Par un jugement n° 2502795 du 5 mai 2025, le magistrat désigné par le président du tribunal administratif de Rennes a rejeté cette demande.
Procédure devant la cour :
Par une requête, enregistrée le 7 juillet 2025, Mme A…, représentée par Me Louis, demande à la cour :
1°) d’annuler ce jugement du tribunal administratif de Rennes du 5 mai 2025 ;
2°) d’annuler la décision de la directrice territoriale de l’OFII du 17 avril 2025 ;
3°) d’enjoindre au directeur de l’OFII de lui accorder le bénéfice des conditions matérielles d’accueil dans un délai de cinq jours à compter de la notification de l’arrêt à intervenir sous astreinte de 150 euros par jour de retard ou, à titre subsidiaire, de procéder à un nouvel examen de sa situation dans les mêmes conditions de délai et d’astreinte ;
4°) de mettre à la charge de l’État, en faveur de son avocat, une somme de 1 500 euros au titre de l’article L. 761-1 du code de justice administrative et de l’article 37 de la loi du 10 juillet 1991.
Elle soutient que :
– le jugement attaqué méconnaît les dispositions du troisième alinéa de l’article R.741-3 du code de justice administrative, dès lors qu’il ne mentionne pas qu’elle-même a en personne formulé des observations ;
– la décision contestée est insuffisamment motivée ;
– elle est entachée d’un défaut d’examen particulier ;
– elle méconnaît les articles L. 551-10 et R. 551-23 du code de l’entrée et du séjour des étrangers et du droit d’asile ;
– elle méconnaît l’article D. 551-20 du code de l’entrée et du séjour des étrangers et du droit d’asile ;
– elle méconnaît le 3° de l’article L. 531-27 du code de l’entrée et du séjour des étrangers et du droit d’asile ;
– elle est entachée d’une erreur d’appréciation au regard des articles L. 551-15, L. 522-3, L. 522-1 et D. 551-17 du code de l’entrée et du séjour des étrangers et du droit d’asile, en ce que son état de vulnérabilité n’a pas été pris en compte.
La requête a été communiquée à l’Office français de l’immigration et de l’intégration qui n’a pas produit d’observations.
Mme A… a été admise au bénéfice de l’aide juridictionnelle totale par une décision du 23 juin 2025.
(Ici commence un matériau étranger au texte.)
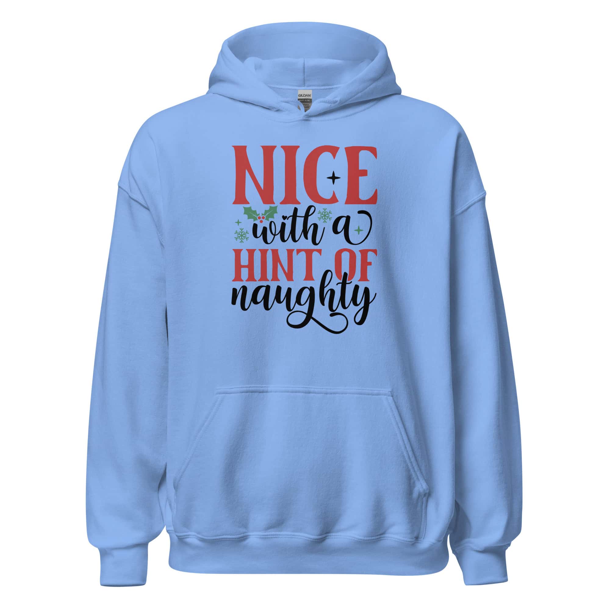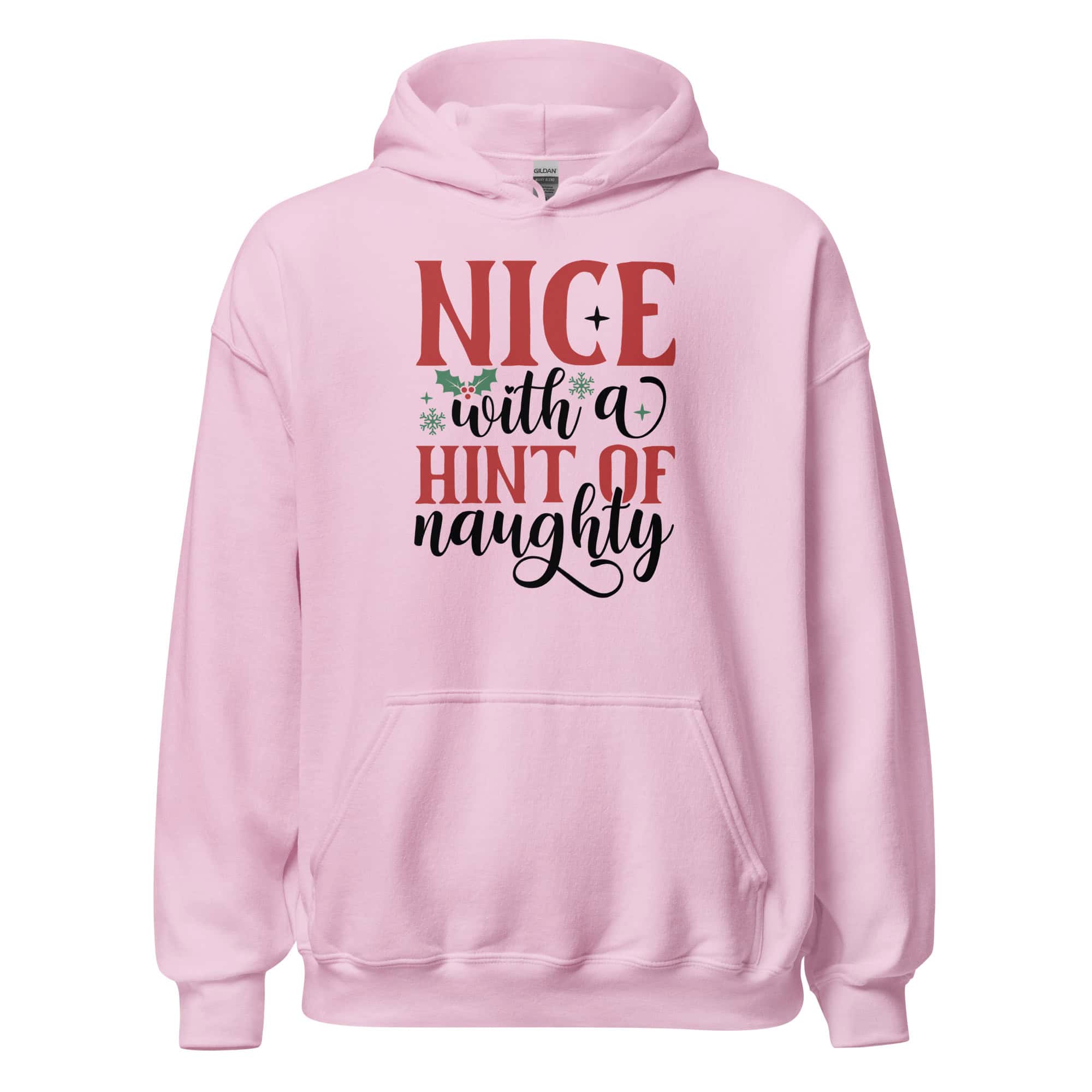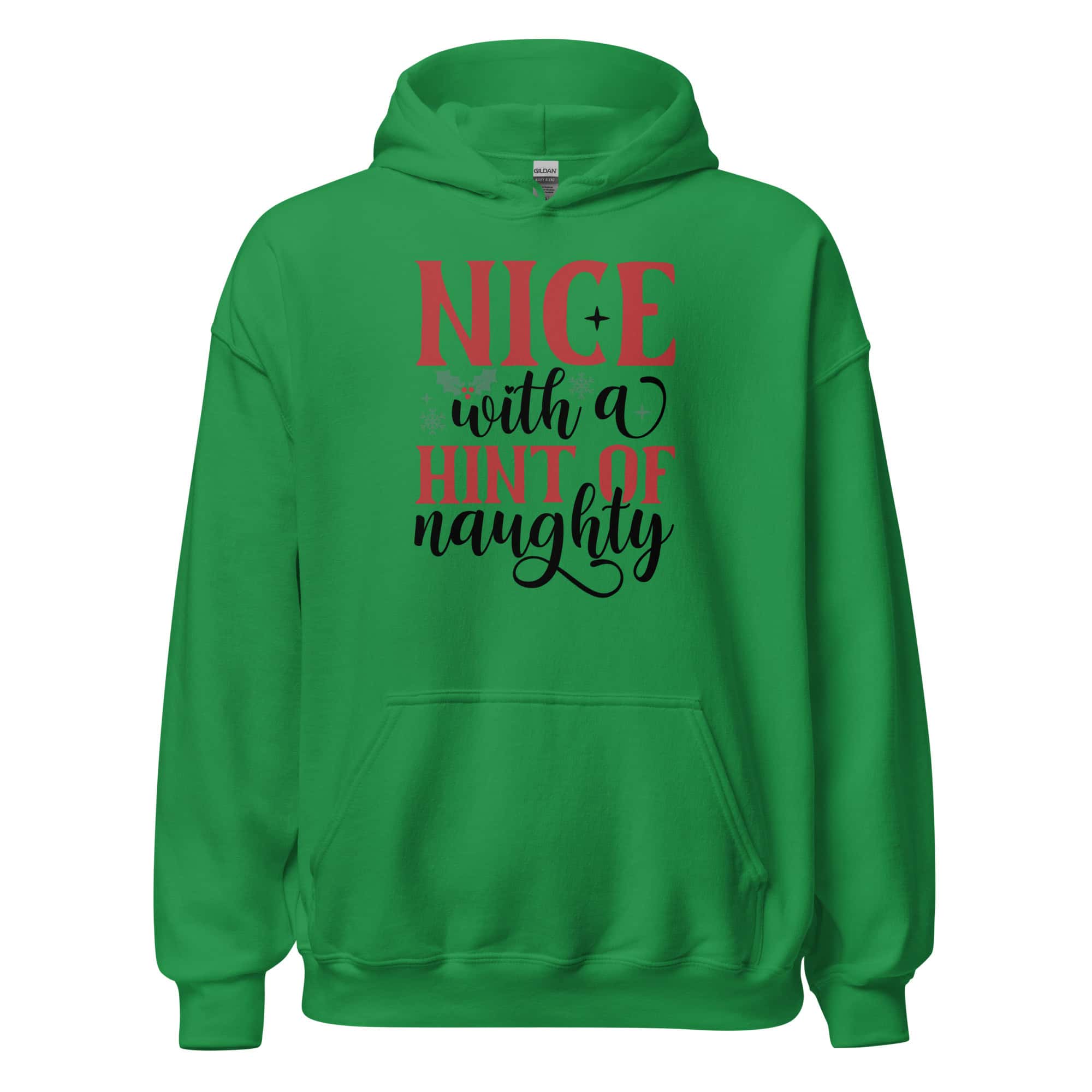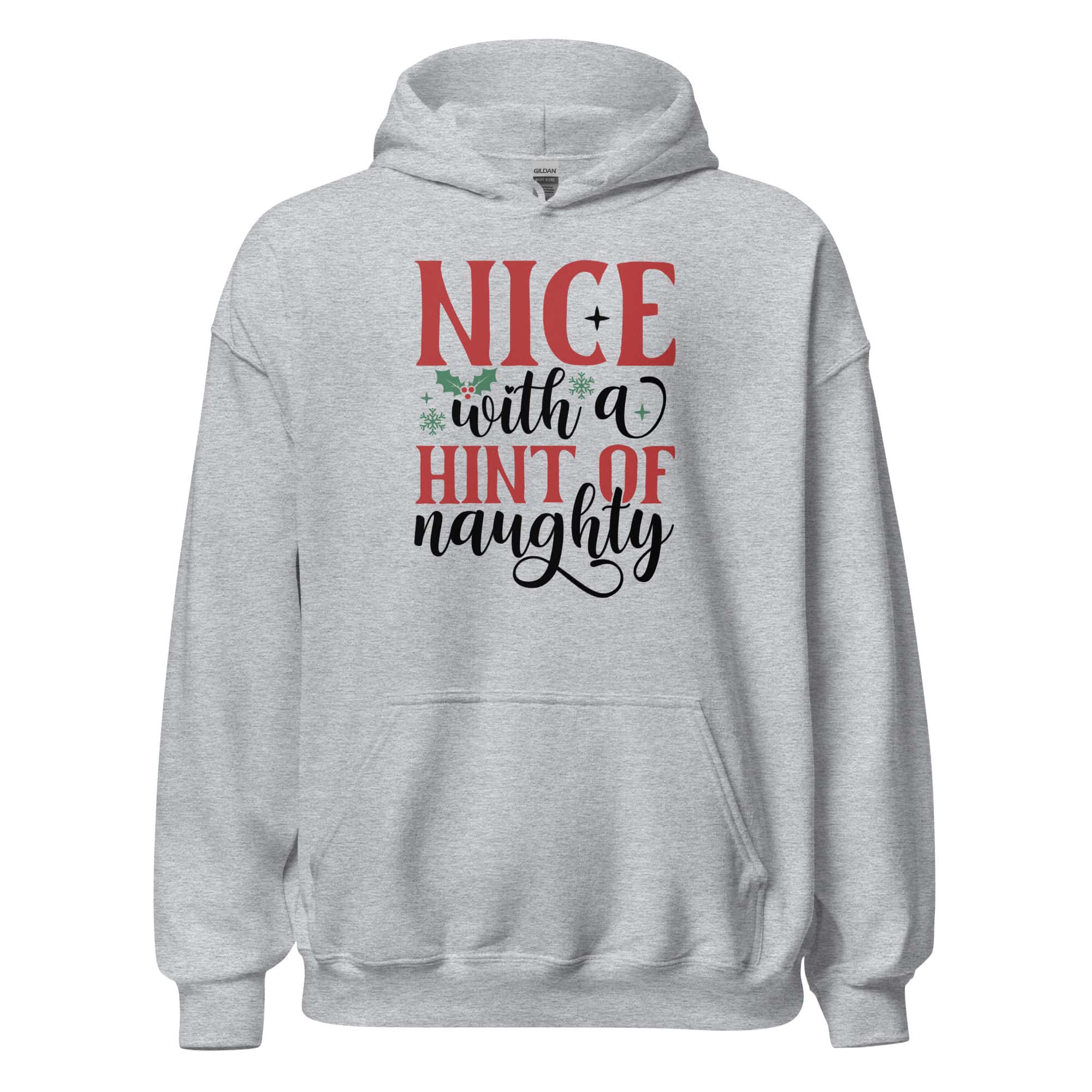 Show off your festive personality with this cozy unisex hoodie. Featuring the fun “Nice With a Hint of Naughty” design, it’s the perfect mix of holiday cheer and cheeky humor—ideal for gatherings, gifting, or staying warm all season long.

Vu les autres pièces du dossier.
Vu :
– le code de l’entrée et du séjour des étrangers et du droit d’asile ;
– la loi n° 91-647 du 10 juillet 1991 ;
– le code de justice administrative.
Les parties ont été régulièrement averties du jour de l’audience.
Le président de la formation de jugement a dispensé le rapporteur public, sur sa proposition, de prononcer des conclusions à l’audience.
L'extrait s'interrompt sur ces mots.